2026-27 PR Calendar: Interactive + Downloadable for Smarter Campaigns




Ever wonder how your competitor landed that PR coverage so quickly?

Chances are, they used a content calendar and were planning way in advance.

And although it’s important to stay flexible for tactics like reactive PR, planning is still essential in any PR strategy.

In this post, we’ll walk you through setting up your own PR calendar to help you get the most coverage possible, and we’ll also share our interactive (and downloadable) calendar with over 650 verified events globally that all teams should use.

Interactive PR Calendar for 2026-27

We’ve built an interactive PR calendar featuring over 650 verified key events and holidays across various industries in the US and the UK.

It defaults to the current month, but you can use filters to adjust. (Learn how we built it.)

But a calendar is nothing without understanding how to use it.

Using and Managing Our PR Calendar

This PR calendar is designed to save you time and help you plan smarter campaigns.

Here’s how to get the most out of it:

Filter by region

Use the US, UK, and Global buttons to narrow the calendar to the dates most relevant to your audience.

region buttons

If you’re running a campaign for a UK brand, filter to UK and Global to remove US-specific days that won’t resonate.

Filter by type

The calendar includes three types of entries: Holidays, Awareness Months, and Seasons.

types of campaigns

If you’re a health brand, switch to Awareness Months to instantly see every relevant observance.

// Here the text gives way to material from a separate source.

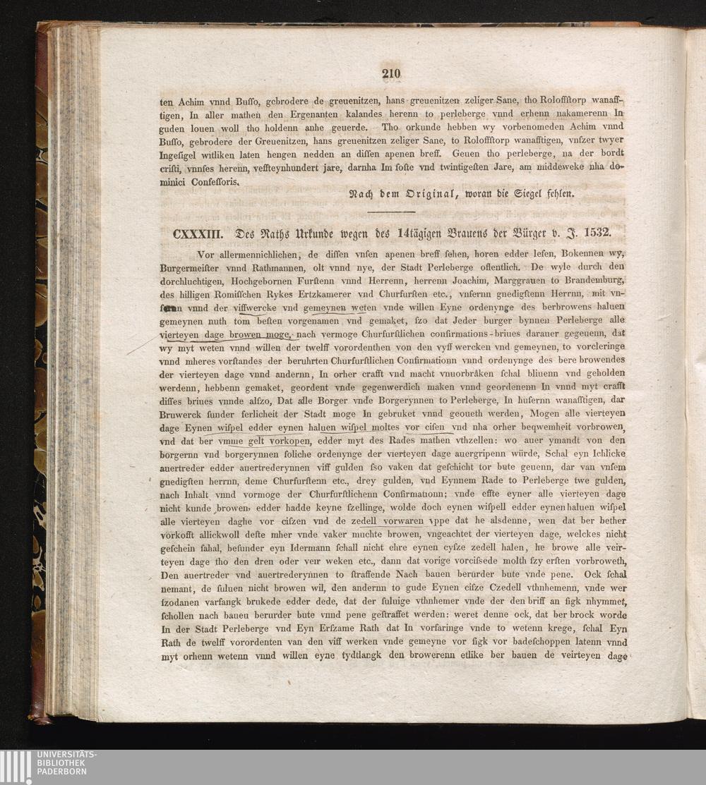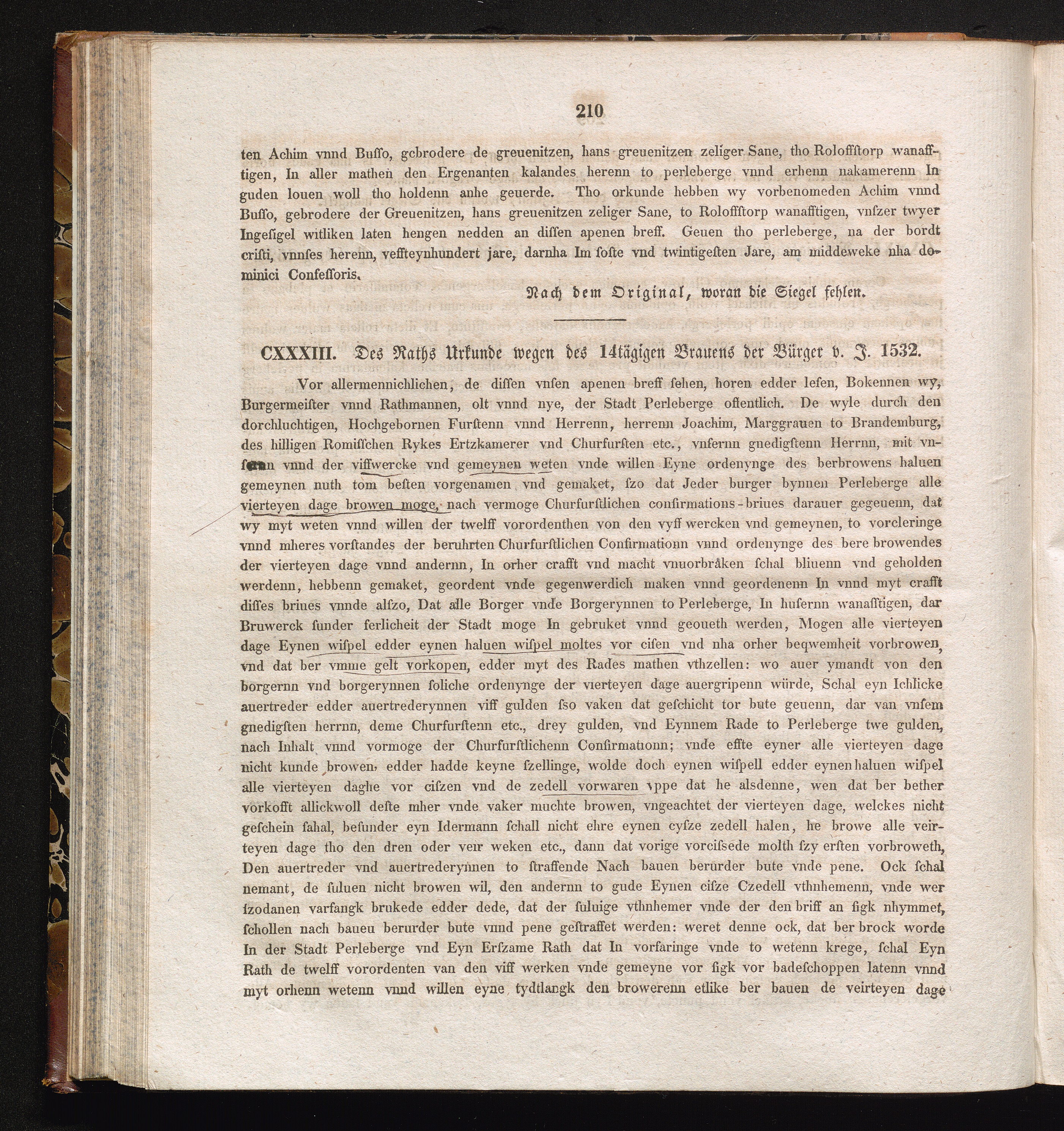 CXXXIII. Des Raths Urkunde wegen des 14tägigen Brauens der Bürger v. J. 1532.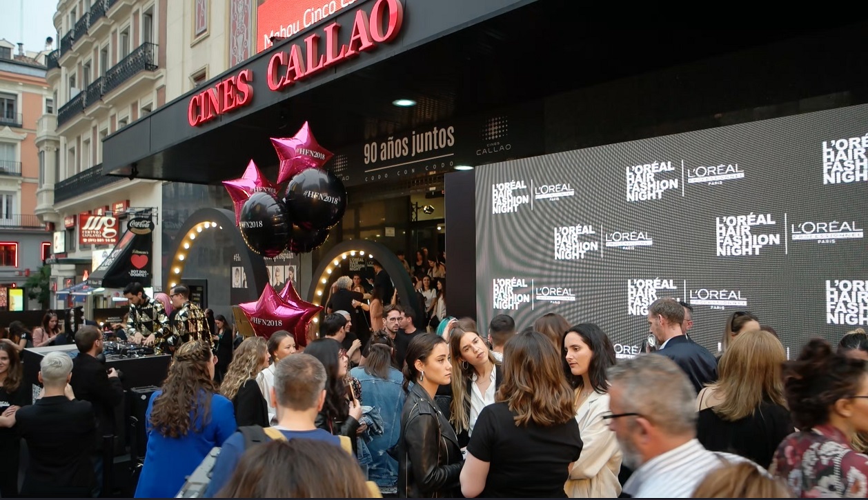 Con unas pautas claras desde internacional que marcan cómo deben ser las acciones que se monten a nivel local para celebrar la Hair Fashion Night, el equipo de L’Oréal Professionnel España tuvo que implementar las directrices internacionales del evento, pero adaptando algunas particularidades locales. Por ejemplo, era el primer año que se podía dar una toque de color a los peinados con la nueva línea de maquillaje instantáneo para el cabello. Así se creó durante el evento el servicio Colourfulhair Flash, para probar diferentes tonos y rematar el estilismo, que además se podían eliminar fácilmente con el lavado. Una tendencia, la del color en el pelo como complemento del look y por diversión, muy extendida entre el público millennial, un target al que se cuidó especialmente en el evento y al que se le facilitó el poder compartir en redes sociales una cita tan especial. Por un lado, abriendo el evento a la calle, con lo que se montó en el exterior de la plaza Callao un escenario con varios puntos de peinado donde el público podía seguir los cambios de look y los peinados que llevaban a cabo los estilistas. No faltó tampoco una alfombra roja para poder ver de cerca a las embajadoras de la marca invitadas: Hiba Abouk, Juana Acosta y Andrea Duro; junto con otras celebrities e influencers invitadas que asistieron al evento. Y también en el exterior, estuvieron pinchando el dúo de djs Pepino Marino y Crawford, animando al público en la plaza con temas divertidos y llenos de energía.

If you’re planning seasonal content, switch to Seasons to see when allergy season starts, when back-to-school kicks off, or when holiday shopping season begins.

Filter by month

The calendar defaults to the current month, so you can immediately see what’s coming up.

months

Switch to a future month to start planning ahead, which is exactly what good PR requires (even if you have a reactive element).

Search by keyword

Type any topic into the search bar: “mental health,” “food,” “dog,” “cancer,” and the calendar instantly filters to matching entries.

search by keyword

This is the fastest way to find every date relevant to your brand or client.

Download the CSV

Every filtered view is downloadable.

download csv

Set your filters first, then hit Download CSV to get a clean spreadsheet of exactly the dates you need.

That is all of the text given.